We continue to offer our own patient financing. As of March 31, 2014, we had $4.4 million in patient receivables, net of allowance for doubtful accounts, which was an increase of $230,000, or 5.5% from December 31, 2013. In 2014, the amount of revenue internally financed has remained unchanged compared to 2013 at approximately 7% of gross revenues. We continually monitor the allowance for doubtful accounts and will adjust our lending criteria or require greater down payments if our experience indicates it is necessary. However, our ability to collect patient accounts depends, in part, on overall economic conditions. Bad debt expense was approximately 1.5% of revenue for the three months ended March 31, 2014 and less than 1% for the three months ended March 31, 2013.

In 2013, we agreed to purchase for $2.3 million our excimer lasers previously leased from one of our vendors, with payment terms of 36 months at an interest rate of 3.5%. Our outstanding debt balance was $1.7 million at March 31, 2014. Our loan agreement contains no financial covenants and is secured by the lasers purchased.
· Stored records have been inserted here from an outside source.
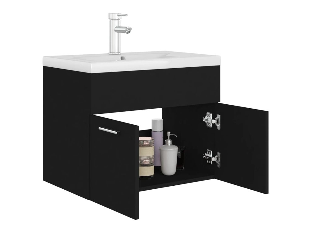 Skrinka je vyrobená z drevotriesky, vďaka čomu je pevná a stabilná. Úložná skrinka má 1 priehradku a 2 dvierka, takže poskytuje dostatok priestoru na uloženie vecí. Skvele sa hodí pod umývadlo a umožňuje pohodlné skladovanie vecí v kúpeľni. Umývadlo je vyrobené z keramiky a môže slúžiť nielen ako nádoba na každodenné použitie, ale aj ako ozdoba vo vašom obývacom priestore. Vďaka svojmu trendovému a súčasnému dizajnu sa toto umývadlo určite hodí k akémukoľvek interiéru. Je tiež vybavené prepadom na odtekanie vody, ak sa príliš naplní. Glazovaný povrch dodáva moderný, ale elegantný dizajn. Skrinku a umývadlo navyše ľahko očistíte vlhkou handričkou.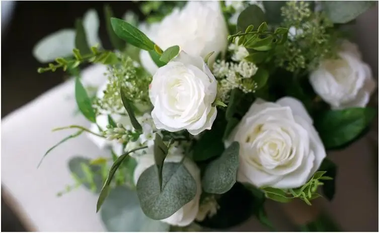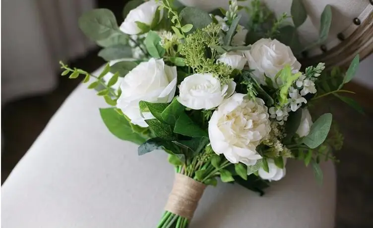 JaneVini 2020 белый искусственный букет невесты из роз цветы невесты пион ручной работы зеленые листья Свадебный букет sztuczne bukiety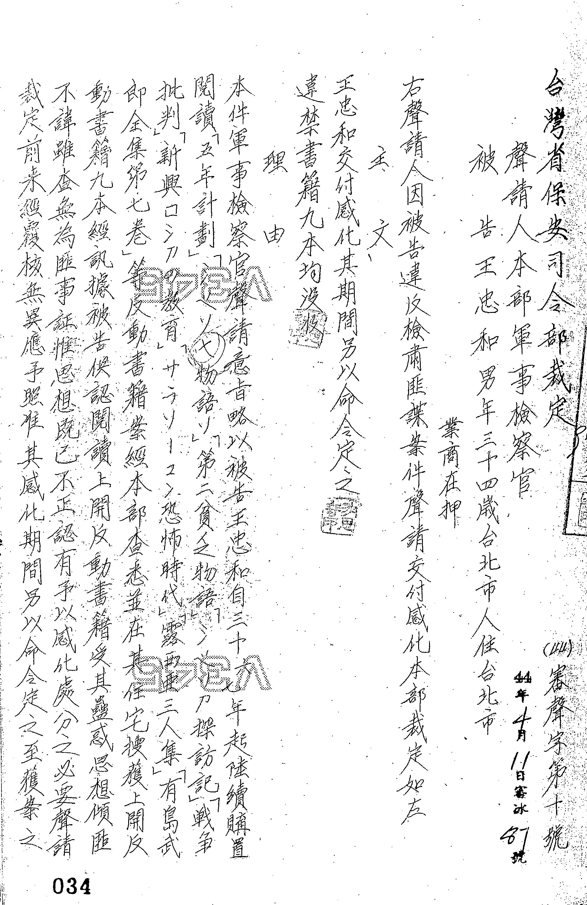 裁判書主文/要旨:王忠和交付感化,其期間另以命令定之,違禁書籍9本均沒收。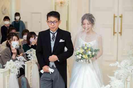 運命の一着を身にまとったご新婦様とご一緒に「ご新婦様のこれまでの人生」という意味のこもったバージンロードを一歩一歩大切に歩いて頂きました。 幼少期の思い出を振り返っていただけるシーンです。お父様からご新郎様へのバトンタッチの瞬間。 「娘をお願いします」という強い気持ちを込めて、見送っていただきます。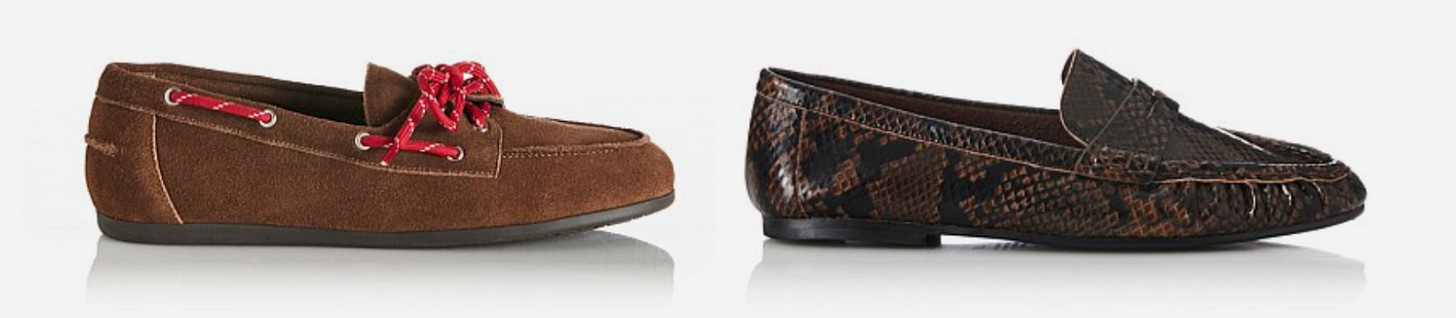 HOT TREND TIP = Go for choc suede or croc loafers… or the hottest Spring trend, boat shoes! They’re going to be everywhere. Buy now, wear now! Tap to shop »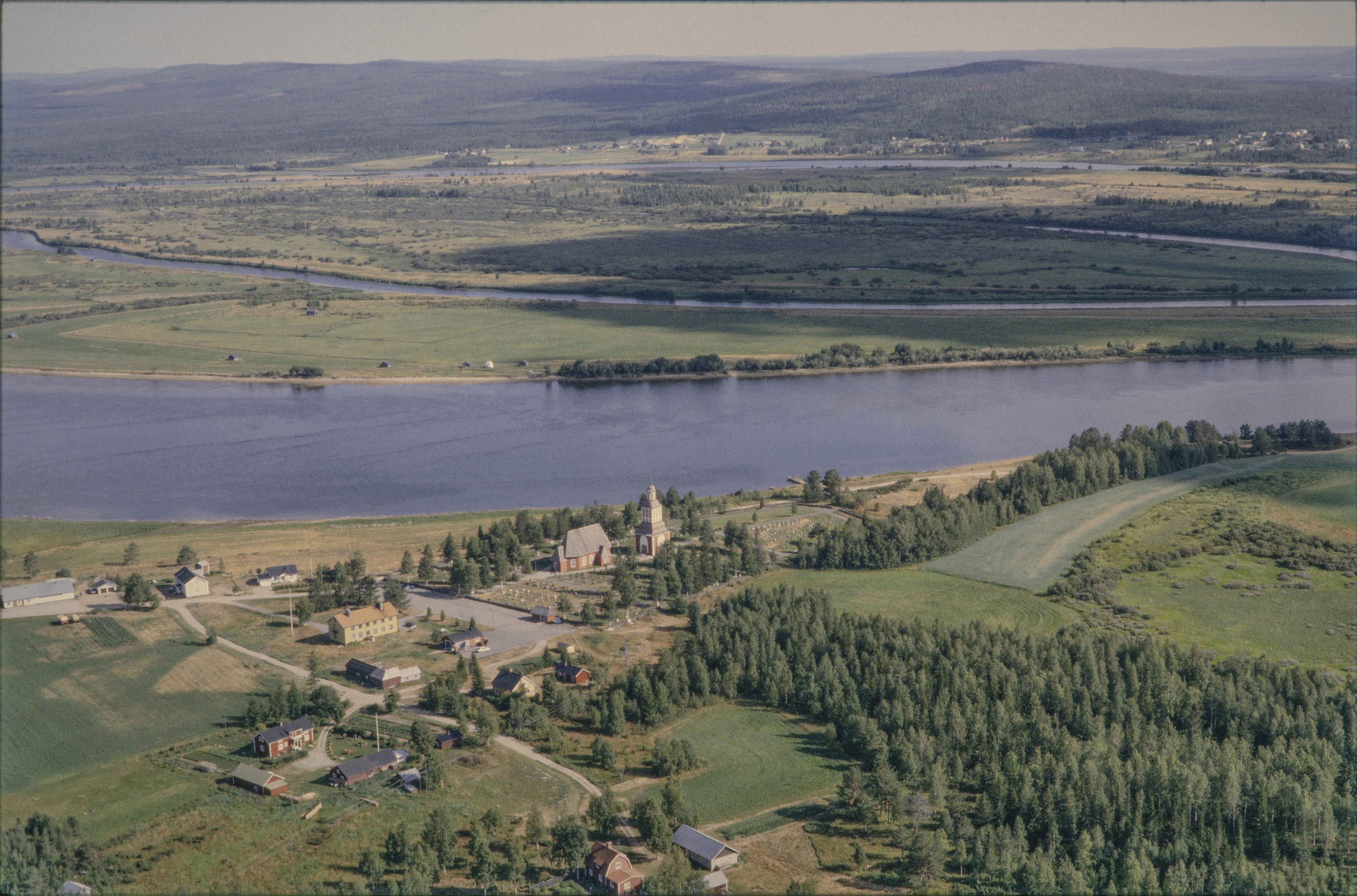Beskrivning: Hietaniemi kyrkby i orten Hedenäset vid Torneälven i Tornedalen. Hietaniemi kyrka under bildens mitt. Vid kyrkan bytomt RAÄnr Hietaniemi 326:1, gränsmärke Hietaniemi 61:1, m.m. Torneälven markerar riksgränsen mot Finland (i bildens övre del). Bilden är tagen mot (väderstreck): ONO
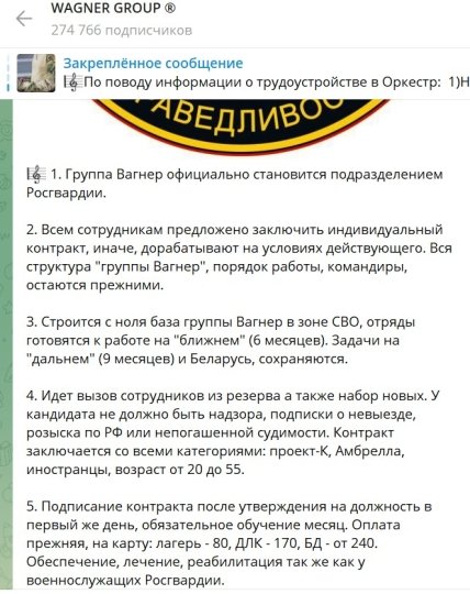 "Всех сотрудников попросили заключить индивидуальный контракт, иначе они будут дорабатывать на нынешних условиях. Вся структура группы "Вагнер", порядок работы, командиры остаются такими же", – говорится в сообщении.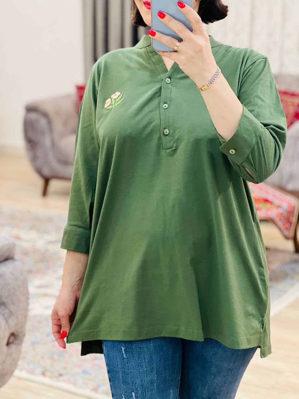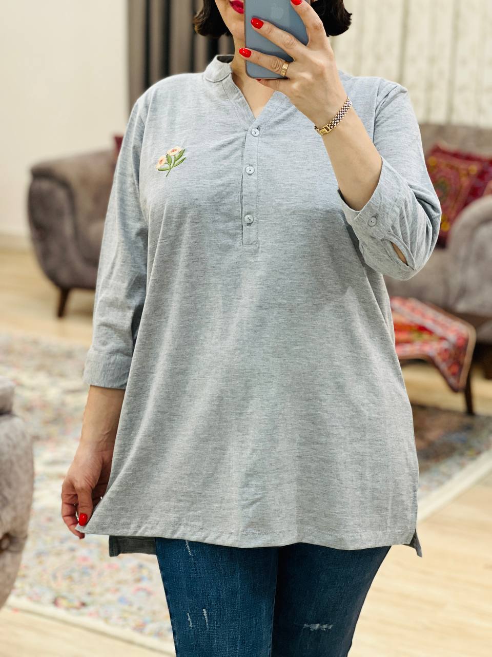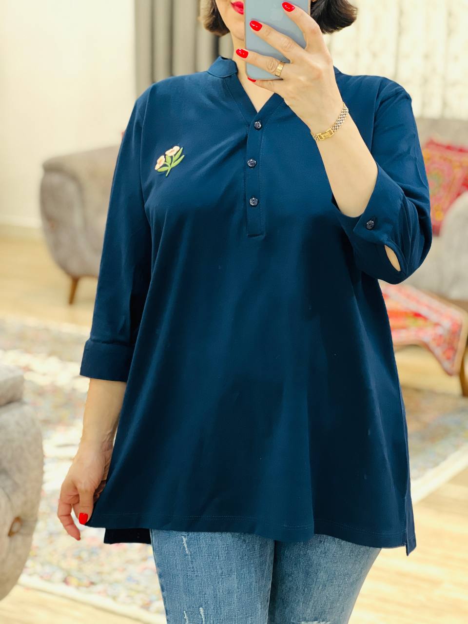 مناسب 38 تا 46 / دور سینه 114 / قد تونیک 70 / قد آستین 42 / سرشانه 14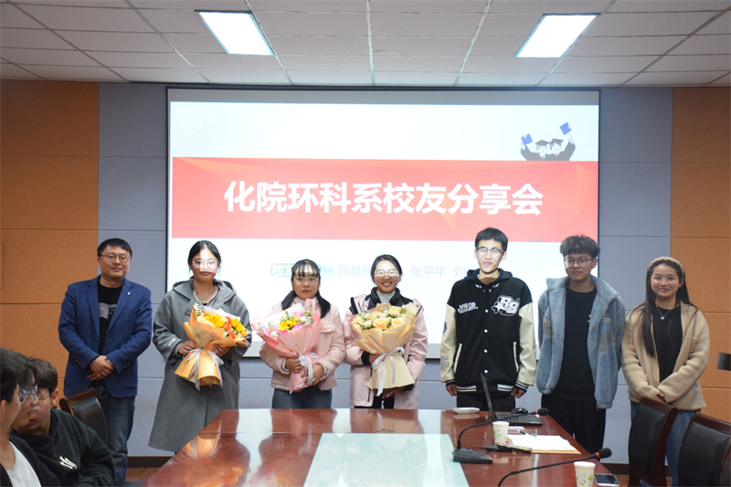 最后环科系在校生代表向四位学姐赠送鲜花表达谢意,并期待下一次与学姐们以及其他校友回校。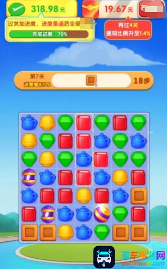 3、特色机制设计:方块换位机制,通过交换相邻方块位置触发消除;消除与补位逻辑合理,消除后上方方块下落填补空位,还可能生成新方块;关卡有明确目标和步数限制,通关还有丰厚奖励,考验你的策略规划能力。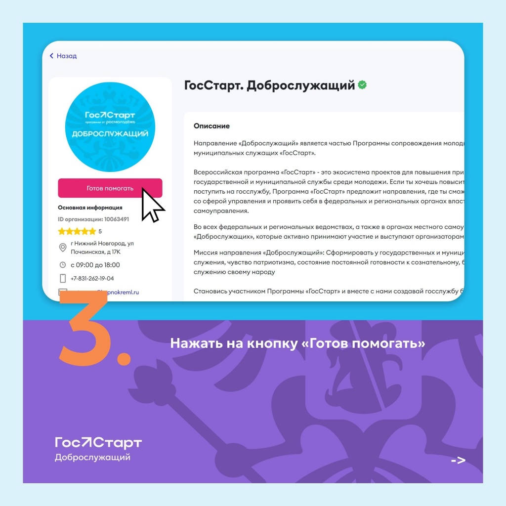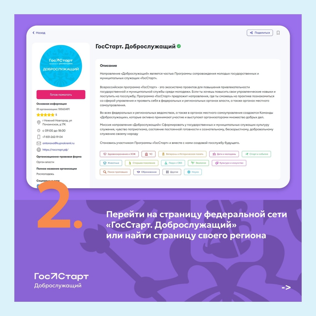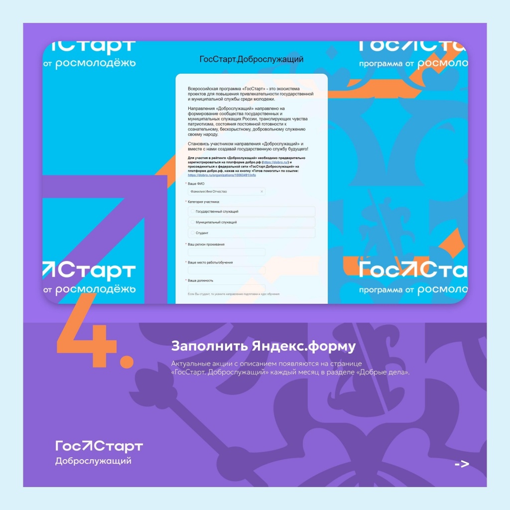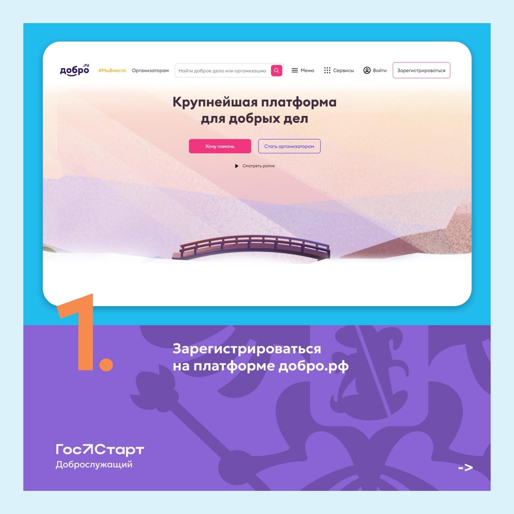 А если на всей земле пока слишком масштабно, то мы предлагаем совершать добрые дела в рамках направления «ГосСтарт.Доброслужащий».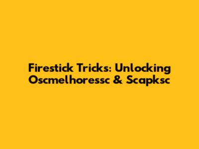Firestick Tricks: Unlocking Oscmelhoressc & Scapksc
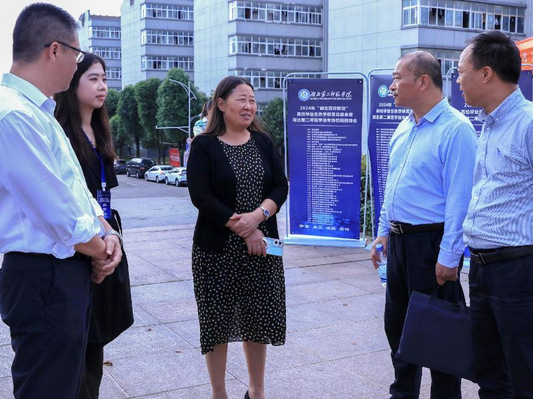 本网讯(学通社记者 吴风雪 见习记者 韦槿怡)10月18日上午,学校在图书馆广场举办“湖北百校联动”高校毕业生供需见面会暨三码必中一码秋季专场招聘会,校党委常委、副校长张红梅现场指导工作。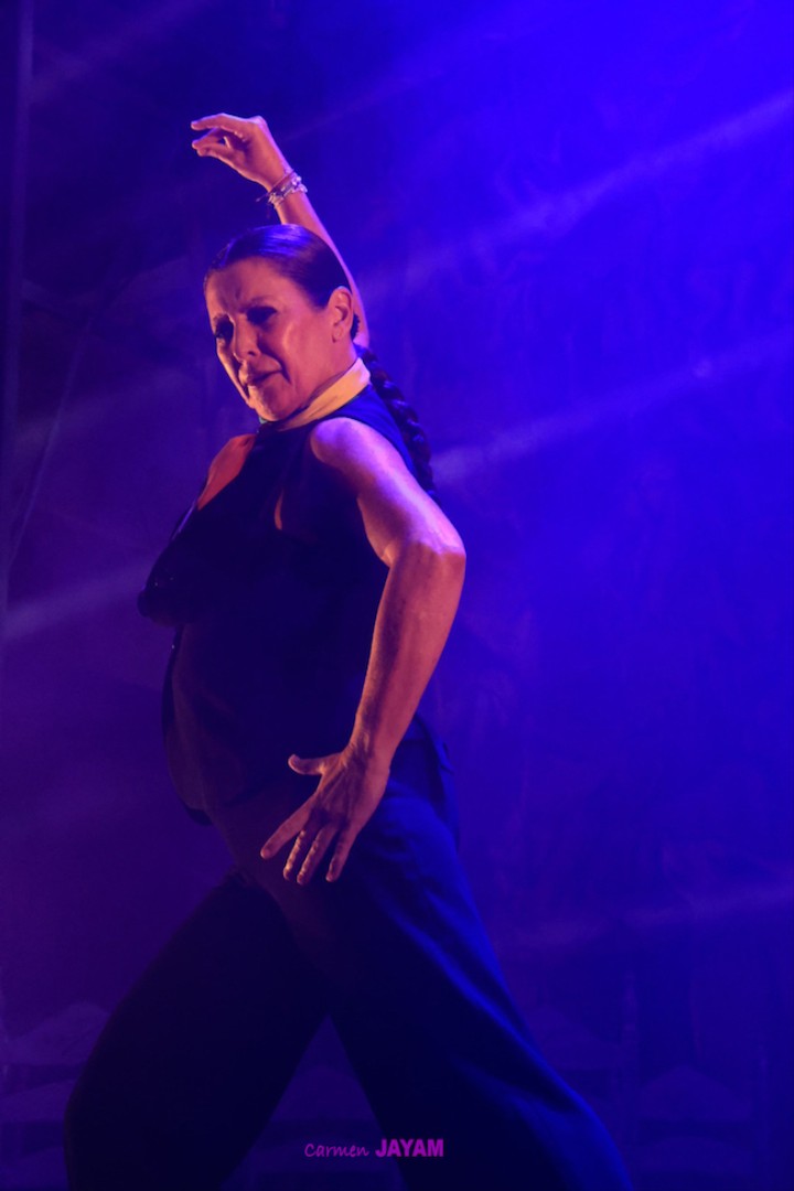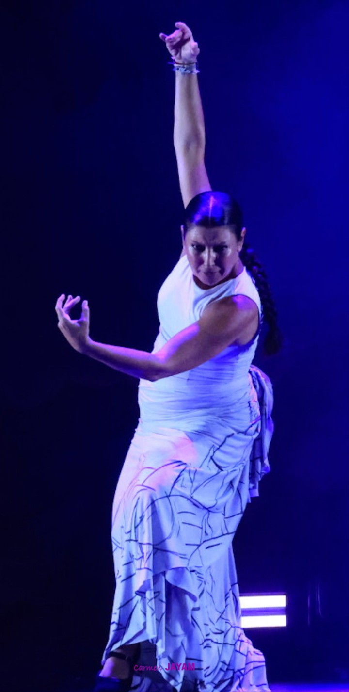 La presencia de Sara Baras en el escenario hace que no se necesite nada más para transmitir la verdad de su arte. Tiene esa capacidad de simular un corazón que late con el pulso de sus pies, sobrecogiendo a quien la ve en su propio vuelo encima del escenario. A pesar de que ‘Vuela’ lleva más de 127 funciones y que la artista ha estado presente en diferentes países, minutos antes de volver a ese escenario afirmaba estar aún más nerviosa que el primer día. “Estoy súper contenta de estar aquí, pero nerviosa por la responsabilidad de volver a un festival tan importante y que quiero tanto, y que, encima, me ha mostrado siempre su cariño y me ha visto crecer”, afirmaba, recordando que fue en el 1997 cuando vino por primera vez, así como su nombre en la ‘Avenida del Flamenco’ o su ‘Castillete de Oro’ en 2012. Pero fue pisar ese conocido escenario y Sara volvió a sentirse como en casa.
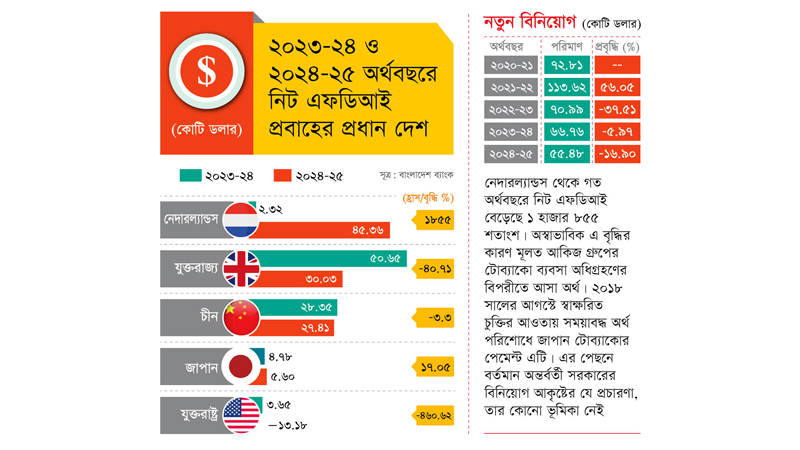বিনিয়োগের বড় উৎস দেশগুলোর বিনিয়োগ কমলেও ২০২৪-২৫ অর্থবছরে বাংলাদেশে নিট এফডিআই প্রবাহ বেড়েছে। এ বৃদ্ধিতে প্রধান ভূমিকা রেখেছে অধিগ্রহণের বিপরীতে নেদারল্যান্ডস থেকে জেটির পাঠানো অর্থ। এর সঙ্গে যুক্ত হয়েছে পুনর্বিনিয়োগ এবং আন্তঃপ্রতিষ্ঠান ঋণ।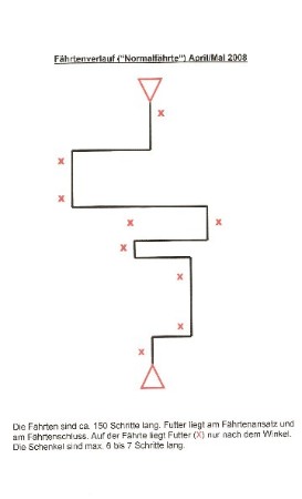 Obwohl ich persönlich mit dem Suchverhalten nicht zufrieden war, hat mir Otmar Goldstein bestätigt, das das Suchverhalten eigentlich in Ordnung ist und der Hund eine VPG 1 Fährte (ohne Gegenstände) innerhalb der nächsten 4 Wochen wird. Um das auszuprobieren habe ich die "Normalfährte" eingeführt. Die Geraden sind max. 5 bis 6 Schritte lang, nach jedem Winkel (nicht im Winkel) kommt Futter zur Bestätigung. Er hatte Recht! Im gewünschten Suchrhytmus werden die Fährten gesucht. Störend ist im Moment nur noch, dass er sich ab und zu ablenken läßt, wenn z. B. ein Vogel hochfliegt oder ein Frosch quackt.

As of March 31, 2014, the majority of our cash and investment portfolio is comprised of cash and cash equivalents due to the low investment yields in the current market.

We opened one satellite vision center and terminated our agreement with one ophthalmologist who licensed our trademarks during the three months ended March 31, 2014. We opened five satellite vision centers and three licensed vision centers during 2013. Capital expenditures for the three months ended March 31, 2014 and 2013 were $80,000 and $135,000, respectively.

Critical Accounting Estimates

There have been no material changes in the critical accounting policies described in Management's Discussion and Analysis in our Annual Report on Form 10-K for the fiscal year ended December 31, 2013.